Using two half subtractors

A half subtractor subtracts one bit from another and gives difference and borrow. A full subtractor can be built as follows:

First half subtractor subtracts B from A
Output difference: D1 = A ⊕ B
Borrow: B1 = A'B
Second half subtractor subtracts Bin from D1
Final difference: D = D1 ⊕ Bin = A ⊕ B ⊕ Bin
Borrow: B2 = D1'Bin
Final borrow output:
Bout = B1 + B2

This method is important because it shows how more complex arithmetic circuits are often constructed from simpler ones.

Block representation:

A ─────┐
       │      ┌────────────┐
B ──────┼─────►│ Half       │── D1 ───┐
       │      │ Subtractor │         │
       └─────►└────────────┘         │
                                     ▼
Bin ───────────────────────────────►┌────────────┐
                                    │ Half       │── D
                                    │ Subtractor │
                                    └────────────┘

Borrow outputs combined:
B1 + B2 = Bout

Working / Process

1. Compare the input bits

The circuit first examines the minuend bit A, subtrahend bit B, and incoming borrow Bin.
It determines whether subtraction can be done directly or whether a borrow is required.

2. Generate the difference

The difference is calculated using XOR operations.
If the number of 1s among the inputs is odd, the difference output becomes 1.
If the number of 1s is even, the difference output becomes 0.

3. Determine the borrow output

If A is smaller than B or smaller than Bin after accounting for the current subtraction, the circuit generates a borrow.
This borrow is passed to the next higher bit stage in multi-bit subtraction.

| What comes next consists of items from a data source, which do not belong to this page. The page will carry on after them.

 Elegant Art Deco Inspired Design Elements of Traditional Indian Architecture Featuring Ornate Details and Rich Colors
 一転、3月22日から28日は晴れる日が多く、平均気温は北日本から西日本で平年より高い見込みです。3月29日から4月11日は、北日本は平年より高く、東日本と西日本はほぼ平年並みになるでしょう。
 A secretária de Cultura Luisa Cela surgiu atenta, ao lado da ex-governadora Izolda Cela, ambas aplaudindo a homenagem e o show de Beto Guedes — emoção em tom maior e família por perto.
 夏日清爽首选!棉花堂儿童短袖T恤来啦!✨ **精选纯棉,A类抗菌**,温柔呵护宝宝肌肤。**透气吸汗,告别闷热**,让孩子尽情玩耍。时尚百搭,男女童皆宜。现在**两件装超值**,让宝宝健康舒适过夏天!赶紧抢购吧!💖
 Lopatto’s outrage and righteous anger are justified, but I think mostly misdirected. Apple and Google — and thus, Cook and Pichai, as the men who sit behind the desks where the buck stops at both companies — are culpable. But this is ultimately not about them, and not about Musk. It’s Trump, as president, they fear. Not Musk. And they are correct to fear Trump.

Example 1: Subtract 1 - 0 - 0

A = 1, B = 0, Bin = 0
Difference = 1
Borrow = 0

Example 2: Subtract 0 - 1 - 0

A = 0, B = 1, Bin = 0
Difference = 1
Borrow = 1

Example 3: Subtract 0 - 0 - 1

A = 0, B = 0, Bin = 1
Difference = 1
Borrow = 1

These examples show how the full subtractor handles direct subtraction and borrowing in different cases.

Advantages / Applications

Essential for multi-bit binary subtraction

It allows subtraction in binary numbers with more than one bit by handling borrow propagation between stages.

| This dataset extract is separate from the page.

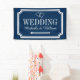 Wedding directional sign banners in custom colours. Indoor and outdoor quality. Elegant personalised navy blue and white wedding direction sign pointing left or right. Turn arrow to your preference. Help guests find their way to your reception party. Classy design with stylish border, interlocking hearts and name of bride and groom couple. Fancy script typography. Available for left and right direction. Personalizable directional road signage to hang up on fence or wall. Also handy for parking or cocktail bar in different locations. Available in different sizes for inside and outside. Small medium and large shapes. With or without holes and hooks. Black and white or customisable background colour. Add names to the template.
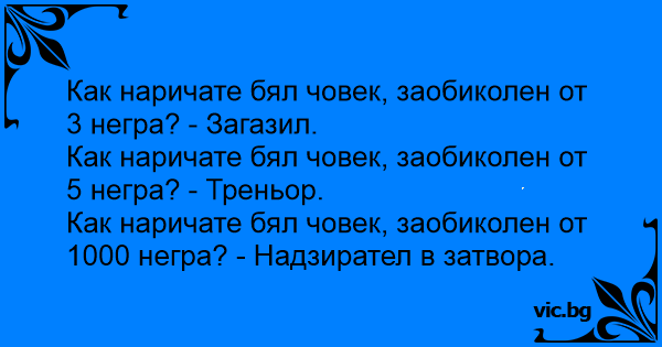 Как наричате бял човек, заобиколен от 1000 негра? - Надзирател в затвора.

Useful in arithmetic logic units (ALUs)

Full subtractors are core components in ALUs inside microprocessors and digital computers for arithmetic operations.

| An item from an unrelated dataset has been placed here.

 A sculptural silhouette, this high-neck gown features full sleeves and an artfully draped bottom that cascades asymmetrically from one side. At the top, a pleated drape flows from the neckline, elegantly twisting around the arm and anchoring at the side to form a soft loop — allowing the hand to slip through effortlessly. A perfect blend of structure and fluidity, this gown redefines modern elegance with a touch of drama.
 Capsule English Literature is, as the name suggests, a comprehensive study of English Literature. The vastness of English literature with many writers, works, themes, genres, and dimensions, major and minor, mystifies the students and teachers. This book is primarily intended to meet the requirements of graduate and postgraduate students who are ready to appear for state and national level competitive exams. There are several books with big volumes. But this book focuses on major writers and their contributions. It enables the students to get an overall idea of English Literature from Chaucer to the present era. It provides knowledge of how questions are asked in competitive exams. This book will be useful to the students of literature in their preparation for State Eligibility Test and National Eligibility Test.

Foundation for larger arithmetic circuits

They are used in subtractor arrays, binary comparators, and other complex digital systems where subtraction is required.

Summary

A full subtractor subtracts three binary inputs: A, B, and Bin.
It produces two outputs: difference and borrow.
It is commonly built using XOR, AND, OR, and NOT gates or by combining two half subtractors.
Important terms to remember: full subtractor, difference, borrow, minuend, subtrahend, borrow input, borrow output, combinational logic.